La maman m’a demandé un rendez-vous car les nuits deviennent
insupportables. Elle et le papa sont à bout, ils n’en peuvent plus.
Elle me dit
avoir tout testé. « On a essayé d’être fermes, de le punir, de le
rassurer, le co-endormissement où on reste avec lui jusqu’à ce qu’il s’endorme.
Rien ne marche. Éventuellement, il va s’endormir dans son lit mais deux heures
après il pleure, il vient nous rejoindre. Si on l’en empêche, il se couche
devant la porte de notre chambre». Les parents, inquiets de ce que le manque de
sommeil fera du lendemain, finissent souvent par accepter qu’il vienne les
rejoindre et dorme avec eux. Jusqu’au moment où, trop à l’étroit à trois, l’un
des deux parents va finir la nuit dans le lit de l’enfant pour essayer d’avoir
au moins deux bonnes heures de sommeil avant d’attaquer la journée.
Les difficultés d’endormissement,
cauchemars, réveils nocturnes, terreurs nocturnes sont parmi les raisons
récurrentes de consultation. Dans le cabinet où je reçois des enfants à partir
de 2 ans, la question du sommeil de
l’enfant - si elle n’est pas la raison même de la demande d’aide - est toujours
évoquée. C’est une question qui ponctue nos vies dès le plus jeune âge quand on
demande si le nourrisson fait ses nuits ; jusqu’à l’âge adulte où le
« As-tu bien dormi ? » est aussi commun dans les échanges
quotidiens que le « As-tu passé une bonne journée ? ». Nous
avons tellement conscience que le sommeil est une nécessité, que s’enquérir de
la nuit de l’autre est aujourd’hui une politesse. Une façon de montrer à
l’autre que nous lui portons de l’attention.
Les besoins vitaux sont tous des
alarmes qui résonnent jusqu’au cabinet de psychologie. Les troubles alimentaires chez l’enfant en font bien sûr partie.

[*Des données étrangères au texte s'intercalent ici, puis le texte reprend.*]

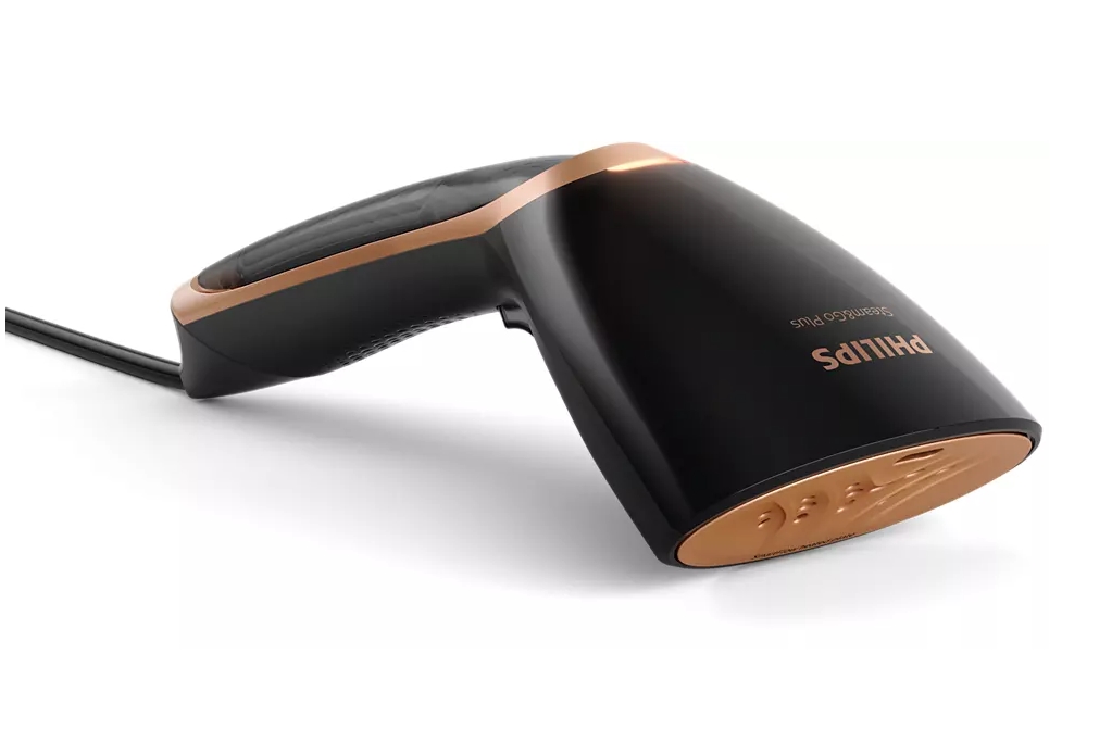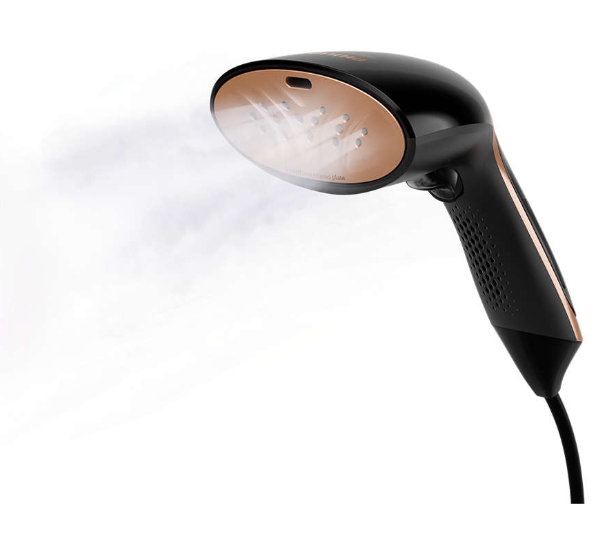 - Το σύστημα ατμού χειρός είναι εργονομικά σχεδιασμένο ώστε να είναι ελαφρύ, μικρό και άνετο στη χρήση. Απλώς πιέστε το κουμπί και δείτε τις τσακίσεις και τις ζάρες να εξαφανίζονται.

Moins récurrents, car nous avons une variété en terme d’offre alimentaire qui
laisse la possibilité de trouver, souvent, au moins un repas que l’enfant
accepte quand il refuse tout le reste. Cependant un enfant qui mange moins ou
moins varié est un enfant qui devient « difficile » avec la
nourriture.
Quand je demande à l’enfant s’il
sait ce qu’est mon métier, souvent il n’en a pas une idée claire. La réponse la
plus simple que j’ai trouvée c’est de lui dire qu’il vient me voir pour que
j’essaie de l’aider. Pour que ce qui est compliqué pour lui devienne plus
simple.
L’enfant avant l’adolescence n’a pas encore acquis la capacité
d’analyse et de synthèse qui lui permet d’expliquer ce qui est compliqué pour
lui. Il n’a par contre aucun mal à admettre que c’est compliqué et qu’il
aimerait être aidé.
En tant que psychologue
j’interviens quand l’enfant devient difficile ; avec la nourriture, au
moment du coucher, dans les interactions avec les parents, à l’école. « Il
est difficile, elle est dure ». Les rapports se tendent. Les parents
multiplient les tentatives de solution et arrivent souvent démunis devant nous.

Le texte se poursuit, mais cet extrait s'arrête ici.